Key-words: Uveitis, alendronate, intraocular triamcinolone, Remicade®. Actualités sur les modalités thérapeutiques des uvéites L’immunosuppression requise dans le traitement des uvéites peut se faire par des voies conventionnelles bien établies ou par le biais d’immunosuppresseurs spécifiques des modulateurs de l’inflammation. Quels que soient les choix, il est important de limiter les effets secondaires en évitant l’accès aux personnes susceptibles de développer des complications (dépistage de la tuberculose avant usage du Rémicade®), en réduisant ces effets secondaires par des mesures préventives (usages des alendronates lors d’une corticothérapie orale), en choisissant une voie locale (triamcinolone intraoculaire). Parmi les approches novatrices, la triamcinolone présente certains avantages comme un dosage local élevé sans effet systémique. Mais, il n’agit que 3 à 6 mois et peut dans 10 à 20 % des cas causer une augmentation de la pression intraoculaire. Il requiert certaines précautions lors de l’injection pour prévenir une pseudoendophtalmie. Le Rémicade® est un nouvel agent immunosuppresseur de synthèse. Anticorps hybride, il peut s’avérer très utile lors d’atteintes sévères ne répondant pas à des traitements conventionnels. Il fait l’objet d’études cliniques en Europe et aux États-Unis.
Mots-clés : Uvéite, alendronate, prednisone, triamcinolone intraoculaire, Remicade®.

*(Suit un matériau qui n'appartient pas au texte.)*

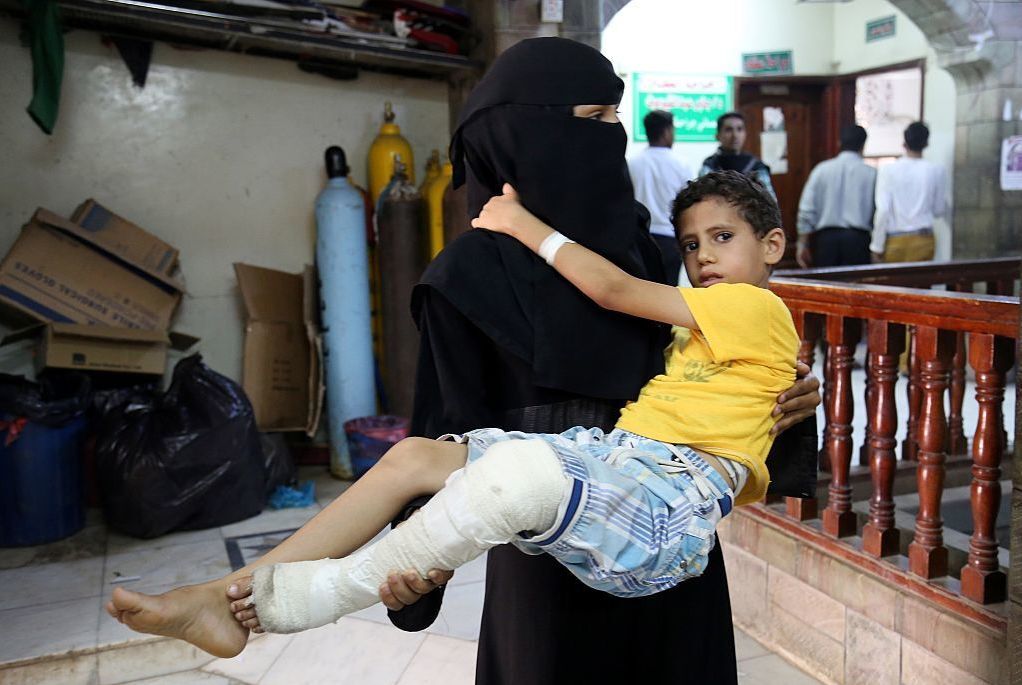 A woman carries a boy to a hospital in Taiz, Yemen. He was injured in an attack by the Houthi rebel group.
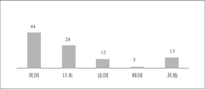 今天我提出一个全新的思维,叫作文化产业战略“三步曲”。第一步,重视创造力。电影电视归根到底是创造力的竞争,我想这一点没有人否认。谁的创造力最强呢?请大家看图1-2,2013年路透社评选出全世界最有创造力的100家企业。美国有44家,日本28家,法国12家,韩国3家。韩国虽然只有3家,但请你记住,韩国只有美国一个州那么大。
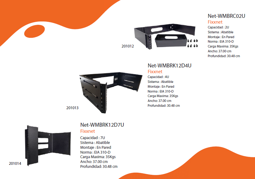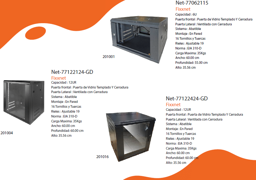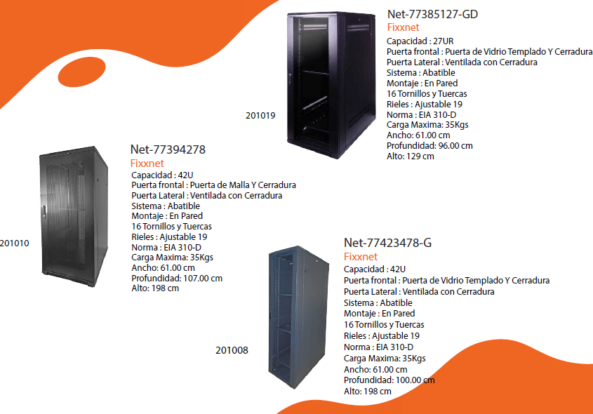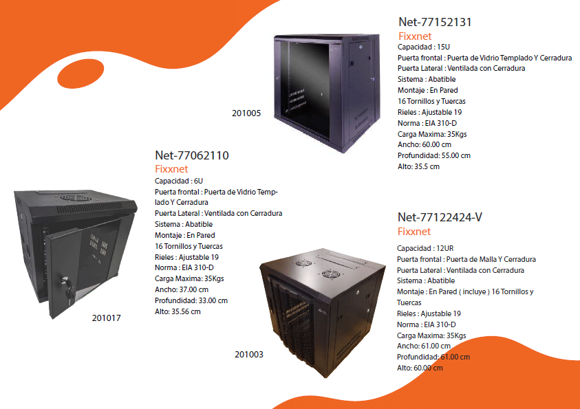 Fixxnet es un fabricante de soluciones de conectividad y su portafolio cuenta con gabinetes abatibles con ruedas de 42U, 42 UR y 27UR, gabinetes de pared con montaje de doble sección y soportes de pared de 7U, 4U, 3U, 2U y 1U con bisagras para un mejor acceso.
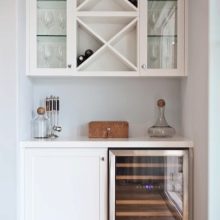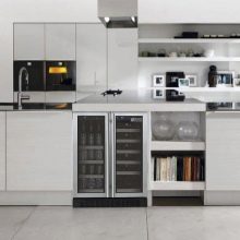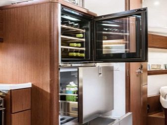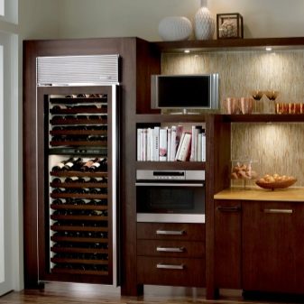 تنتمي خزانة النبيذ أيضًا إلى فئة أدوات المطبخ المدمجة. ليبهير "UWTes 1672-20", مصممة لتخزين 34 زجاجة من النبيذ كحد أقصى. النموذج مجهز أيضًا بضاغط وفلتر وشاشة إلكترونية. هناك مشابك تلسكوبية قابلة للسحب وأرفف خشبية. حجم هذا النموذج هو 81.8 سم / 97 سم / 57.0 سم ، السعر – 109،990 ص.
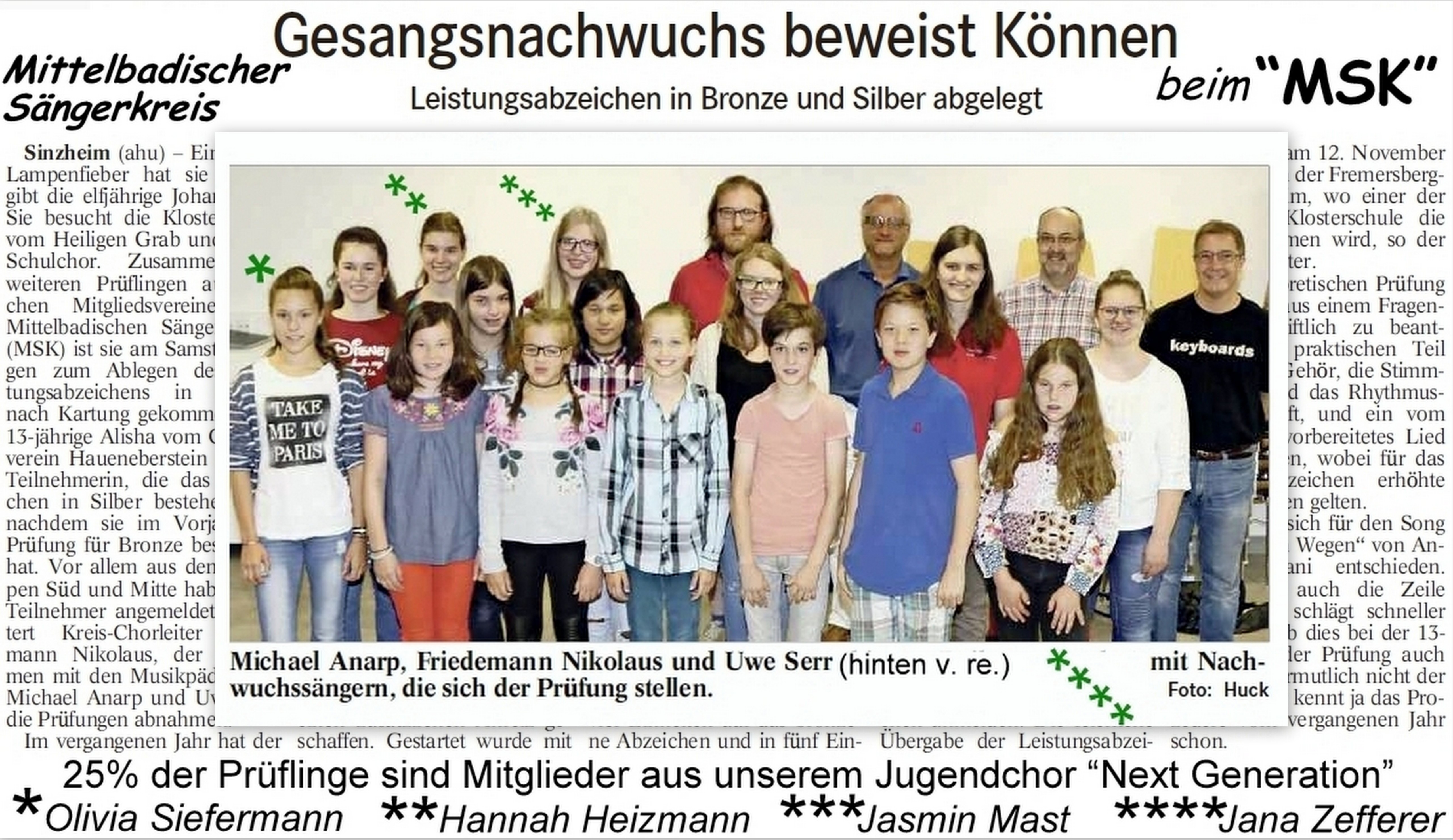 Jugendchor "Next Generation am Sonntag, 8.Oktober 2017
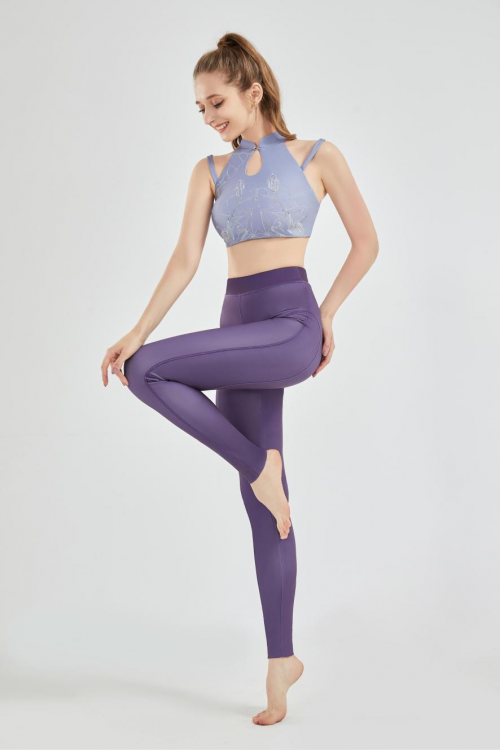 本系列灵感来源于东方文化之旗袍与白描画元素,上装旗袍领的设计,不仅美观大方,还能有效地避免运动时颈部压力过大,印花采用白描风格,能够给人带来愉悦轻灵感,整体采用紫色,使服装更具时尚感和艺术感。

INTRODUCTION Nous comprenons mieux les mécanismes moteurs de l’immunologie oculaire, mais cela n’a en rien modifié l’approche initiale qui demeure centrée sur les corticostéroïdes. La stratégie actuelle consiste dans un premier temps à limiter les dégâts occasionnés par les corticoïdes (prévention), puis à cibler l’œil directement (limitant ainsi les effets secondaires systémiques) et à faire usage d’agents alternatifs moins toxiques ou d’agents dirigés contre des médiateurs spécifiques de l’inflammation [1]. Cette revue se limitera aux modalités thérapeutiques dans les uvéites auto-immunes, non infectieuses. Un tel exposé reste un exercice théorique dont les modalités doivent être adaptées à chaque patient. S’il est conscient des conséquences de sa maladie et de son traitement, il sera en mesure de nous aider à mieux gérer son évolution. Il est donc toujours utile de bien prendre le temps d’expliquer aux patients atteints d’uvéites les choix thérapeutiques possibles et leurs conséquences. Une « co-gérance » nous aidera à éviter les complications oculaires et systémiques de la maladie et nous permettra d’adapter les diverses modalités en fonction de l’évolution. Dans le cadre de cette revue, nous orienterons notre discussion sur les problèmes posés par la corticothérapie (en particulier comment éviter l’ostéoporose), sur les thérapeutiques intraoculaires et les nouvelles thérapeutiques d’immunosuppression ciblées.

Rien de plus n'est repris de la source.